I assume the mistake with hist()'s approach here is about the normalization as partially
pdf
, not completely asprobability
.Code with hist() [deprecated]
Some remarks
sum(f)/N
gives1
ifNbins
manually set.dx
) in the graphg
Code
Output is in Fig. 1.
Code with histogram()
Some remarks
sum(f)
is1
ifNbins
adjusted with histogram()'s Normalization as probability, b)sum(f)/N
is 1 ifNbins
is manually set without normalization.dx
) in the graphg
Code
Output in Fig. 2 and expected output is met: area 1.0000.
Matlab: 2016a
System: Linux Ubuntu 16.04 64 bit
Linux kernel 4.6
对于某些分布,柯西我认为,我发现 trapz 会高估面积,因此 pdf 会根据您选择的 bin 数量而变化。
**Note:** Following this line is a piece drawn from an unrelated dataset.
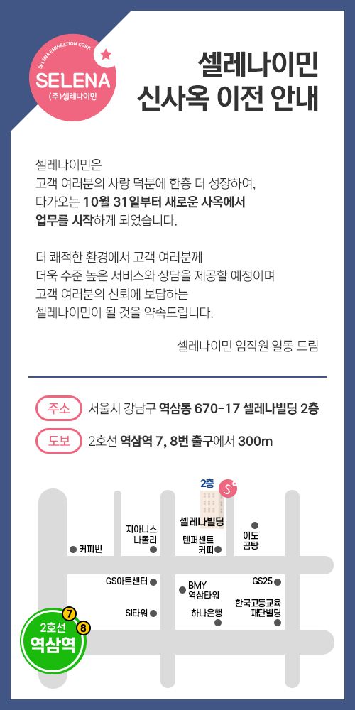 (광고)셀레나이민 신사옥 이전 안내💌

在这种情况下我会这样做
For some Distributions, Cauchy I think, I have found that trapz will overestimate the area, and so the pdf will change depending on the number of bins you select. In which case I do
有一个关于 MATLAB 中的直方图调整的优秀指南 (原始链接已损坏,archive.org 链接),
第一部分是直方图拉伸。
There is an excellent three part guide for Histogram Adjustments in MATLAB (broken original link, archive.org link),
the first part is on Histogram Stretching.